Mistrials, and the re-trials that inevitably follow them, do not violate the Constitutional prohibition against double jeopardy. (The proposition that one can't be tried more than once for the same crime.) That is as long as it's the defense that asks that a mistrial be declared. By making the motion for a mistrial the defense is deemed to have waived their right to object to a re-trial on the grounds of double jeopardy.

On the other hand, if the prosecution asks for a mistrial and the motion is granted, a retrial would violate the double jeopardy clause because there has been no waiver of protection against double jeopardy by the defendant.

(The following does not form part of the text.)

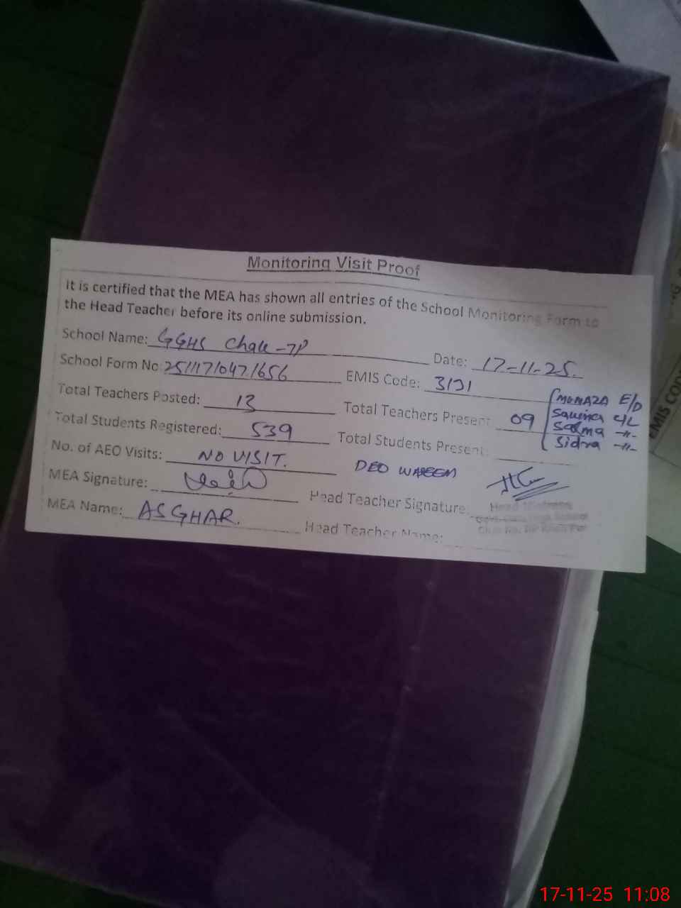 | Attendance Register | Head Teacher | MEA with School | Visit Proof |

According to the account in the News-Press yesterday, the prosecutor on the case, Gordon Auchincloss, had joined defense attorney Bob Sanger in making a motion for a mistrial, but later withdrew it. If that's true, that would have been a rookie mistake by a veteran prosecutor. (Assuming he didn't withdraw the motion before it was ruled upon.) If the mistrial had been deemed to have been granted on the prosecution's motion, jeopardy would have attached and a retrial would have been barred. Now that would have been a disaster.